# Lab 07: Nearest neighbors

In this lab, we will apply nearest neighbors classification to the Endometrium vs. Uterus cancer data. For documentation, see:
* http://scikit-learn.org/stable/modules/neighbors.html#nearest-neighbors-classification; and 
* http://scikit-learn.org/stable/modules/generated/sklearn.neighbors.KNeighborsClassifier.html#sklearn.neighbors.KNeighborsClassifier


Let us start by setting up our environment, loading the data, and setting up our cross-validation.

In [None]:
import pandas as pd
%pylab inline

Load the data as in the previous labs. We will use `small_Endometrium_Uterus.csv` for this lab.

In [None]:
from sklearn import preprocessing

# load the endometrium vs. uterus tumor data
endometrium_data = pd.read_csv('data/small_Endometrium_Uterus.csv', sep=",") # load data
endometrium_data.head(n=5) # adjust n to view more data

# Create the design matrix and target vector
X_clf = endometrium_data.drop(['ID_REF', 'Tissue'], axis=1).values
y_clf = pd.get_dummies(endometrium_data['Tissue']).values[:,1]

print(X_clf.shape)
plt.scatter(X_clf[:,0], X_clf[:,1], c=y_clf)

Recall functions we had used to create cross validation folds in the previous labs. Redefine them here. 
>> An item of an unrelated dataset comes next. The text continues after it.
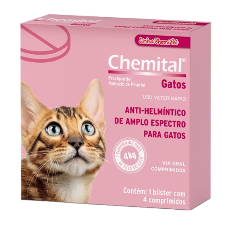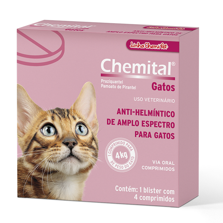 Vermifugo Chemitec Chemital Para Gatos 4 Comprimidos
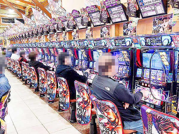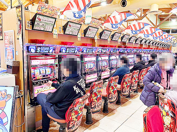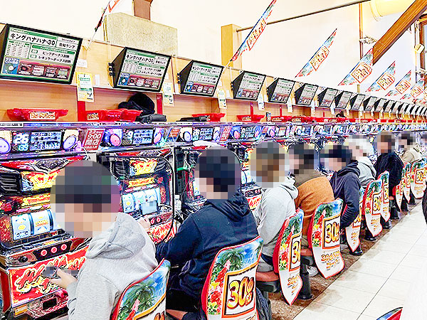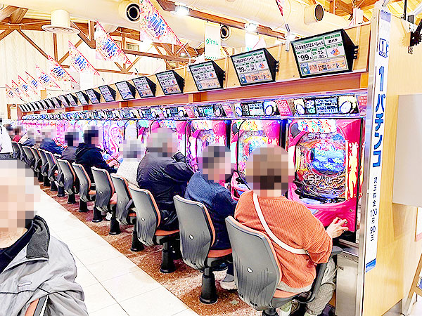 100円/90玉パチンコを見てみると、海物語シリーズに人気が集まっており、ほぼ満席となるほどのにぎわいを見せていた。

*Note* : We shall call this *m*-fold cross validation, unlike *k*-fold, which we used in our previous labs, to distinguish it from *k*-nearest neighbors classification. This emphasizes that the two parameters are indeed different from each other.

In [None]:
from sklearn import model_selection

def stratifiedMFolds(y, num_folds):
 kf = model_selection.StratifiedKFold(n_splits=num_folds)
 folds_ = [(tr, te) for (tr, te) in kf.split(np.zeros(y.size), y)]
 return folds_

Now create 10 cross validate folds on the data. 

In [None]:
cv_folds = stratifiedMFolds(y_clf, 10)

Import the previously written cross validation function.

In [None]:
# let's redefine the cross-validation procedure with standardization
from sklearn import preprocessing
def cross_validate(design_matrix, labels, regressor, cv_folds):
 """ Perform a cross-validation and returns the predictions. 
 Use a scaler to scale the features to mean 0, standard deviation 1.
 
 Parameters:
 -----------
 design_matrix: (n_samples, n_features) np.array
 Design matrix for the experiment.
 labels: (n_samples, ) np.array
 Vector of labels.
 classifier: Regressor instance; must have the following methods:
 - fit(X, y) to train the regressor on the data X, y
 - predict_proba(X) to apply the trained regressor to the data X and return predicted values
 cv_folds: sklearn cross-validation object
 Cross-validation iterator.
 
 Return:
 -------
 pred: (n_samples, ) np.array
 Vectors of predictions (same order as labels).
 """
 
 n_classes = np.unique(labels).size
 pred = np.zeros((labels.shape[0], n_classes))
 for tr, te in cv_folds:
 scaler = preprocessing.StandardScaler()
 Xtr = scaler.fit_transform(design_matrix[tr,:])
 ytr = labels[tr]
 Xte = scaler.transform(design_matrix[te,:])
 regressor.fit(Xtr, ytr)
 pred[te, :] = regressor.predict_proba(Xte)
 return pred

# 1. *k*-Nearest Neighbours Classifier

A k-neighbours classifier can be initialised as `knn_clf = sklearn.neighbors.KNeighborsClassifier(n_neighbors=k)`

Cross validate 20 *k*-NN classifiers on the loaded datset using `cross_validate`. 

In [None]:
from sklearn import neighbors
from sklearn import metrics

aurocs_clf = []
# Create a range of values of k. We will use this throughout the lab.
k_range = range(1,40,2) 

for k in k_range:
 clf = neighbors.KNeighborsClassifier(n_neighbors=k)
 y_pred = cross_validate(X_clf, y_clf, clf, cv_folds)
 
 fpr, tpr, thresholdss = metrics.roc_curve(y_clf, y_pred[:,1])
 aurocs_clf.append(metrics.auc(fpr,tpr))

__Question:__ Plot the AUC as a function of the number of nearest neighbours chosen.

In [None]:
plt.plot(#TODO)
plt.xlabel('Number of nearest neighbours', fontsize=14)
plt.ylabel('Cross-validated AUC', fontsize=14)
plt.title('Nearest neighbours classification - cross validated AUC.', fontsize=14)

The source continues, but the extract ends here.